Data for this task
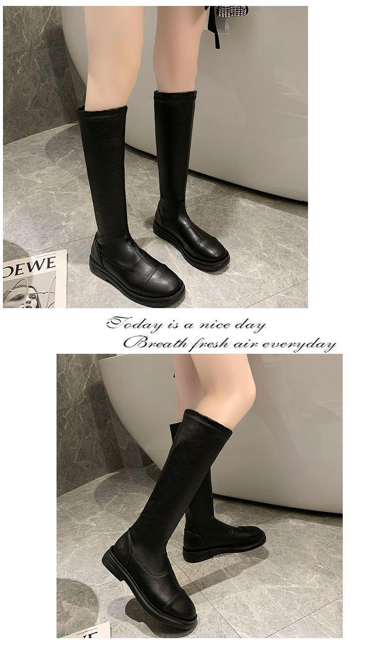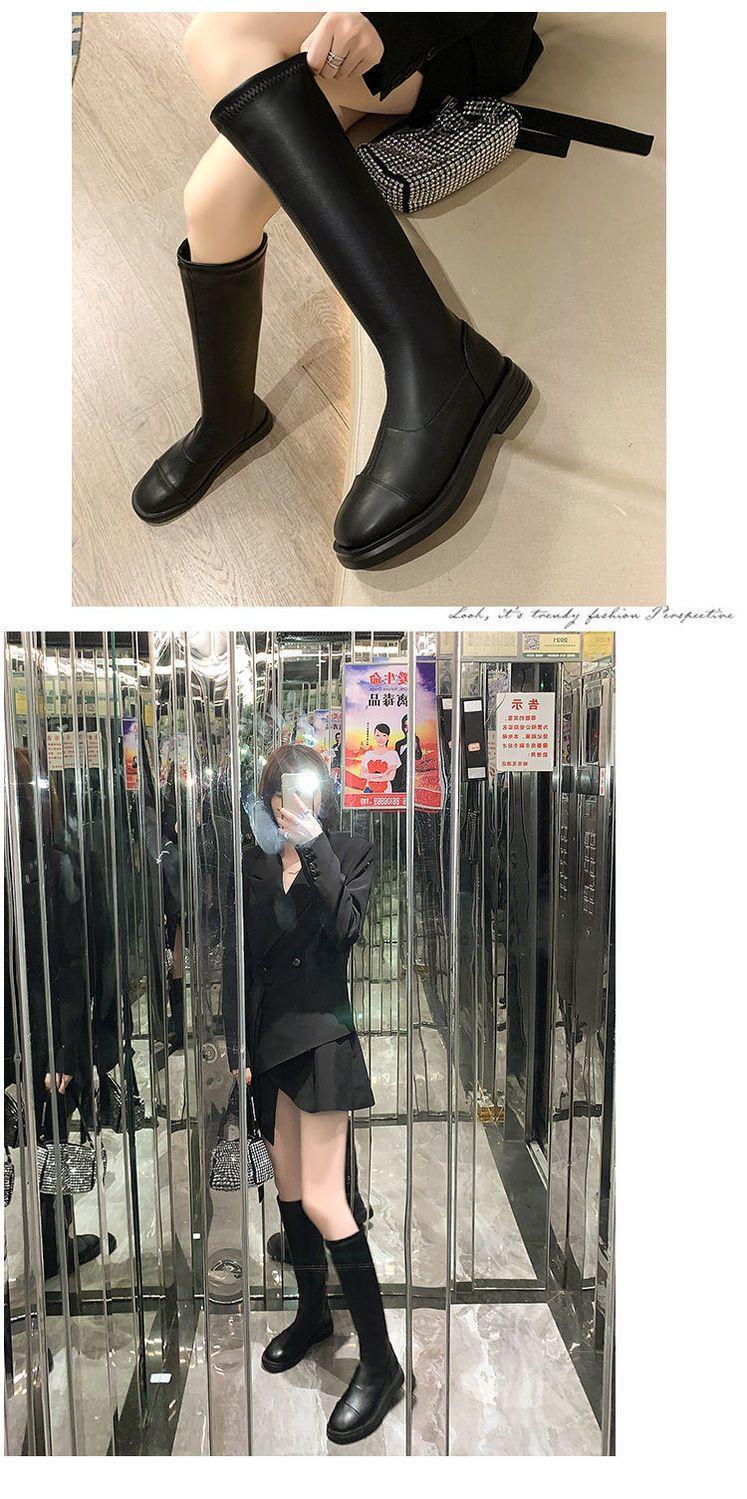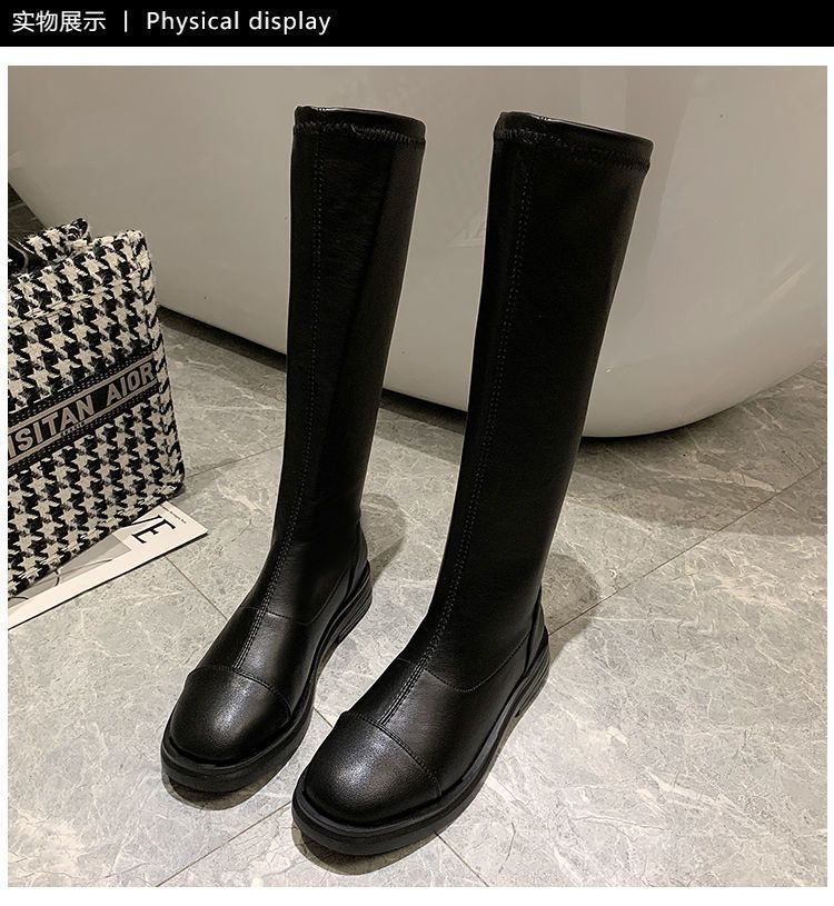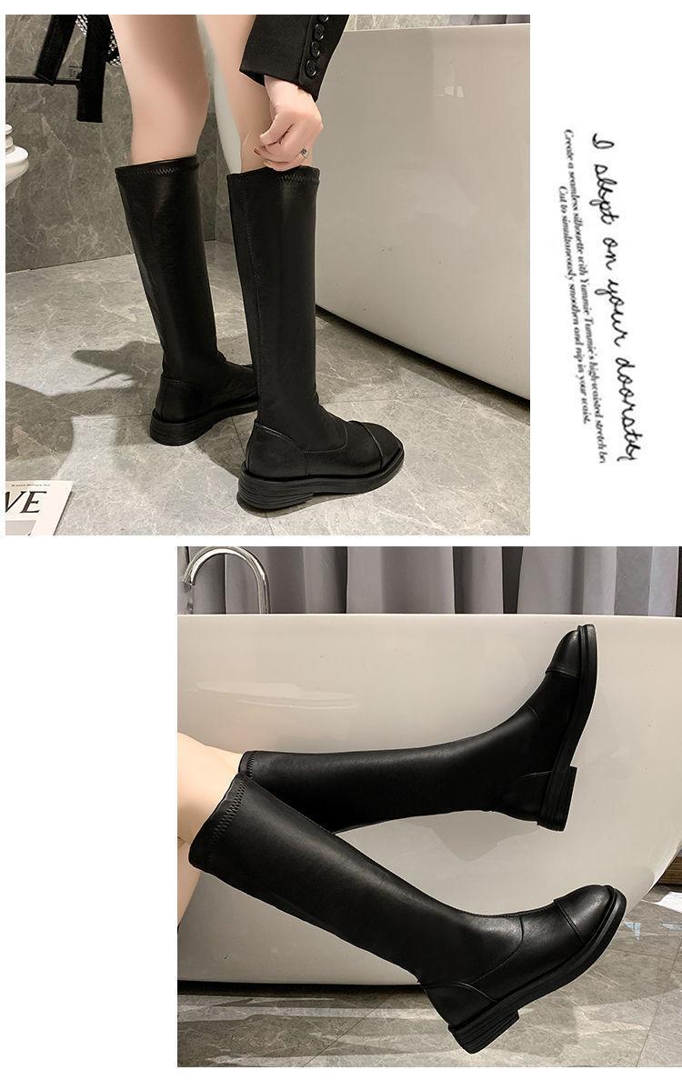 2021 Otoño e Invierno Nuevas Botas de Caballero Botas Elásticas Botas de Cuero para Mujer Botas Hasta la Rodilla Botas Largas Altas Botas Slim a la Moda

* * *

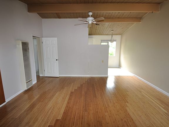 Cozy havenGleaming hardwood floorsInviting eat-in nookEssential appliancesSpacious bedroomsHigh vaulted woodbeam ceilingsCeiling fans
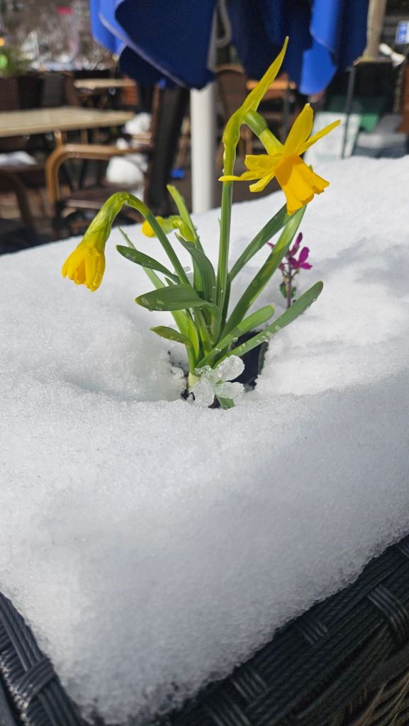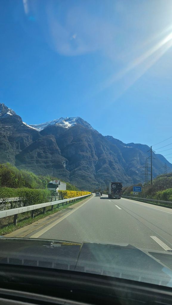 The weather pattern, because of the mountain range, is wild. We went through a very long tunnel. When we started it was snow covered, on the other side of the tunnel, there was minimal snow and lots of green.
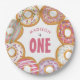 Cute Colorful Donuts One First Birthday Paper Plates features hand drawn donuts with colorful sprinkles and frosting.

What the task requires
Everything from the line with "Cozy havenGleaming hardwood" through the line with "Cute Colorful Donuts" in the material above should be transcribed exactly, except the pictures.

Your solution
 Cozy havenGleaming hardwood floorsInviting eat-in nookEssential appliancesSpacious bedroomsHigh vaulted woodbeam ceilingsCeiling fans
 The weather pattern, because of the mountain range, is wild. We went through a very long tunnel. When we started it was snow covered, on the other side of the tunnel, there was minimal snow and lots of green.
 Cute Colorful Donuts One First Birthday Paper Plates features hand drawn donuts with colorful sprinkles and frosting.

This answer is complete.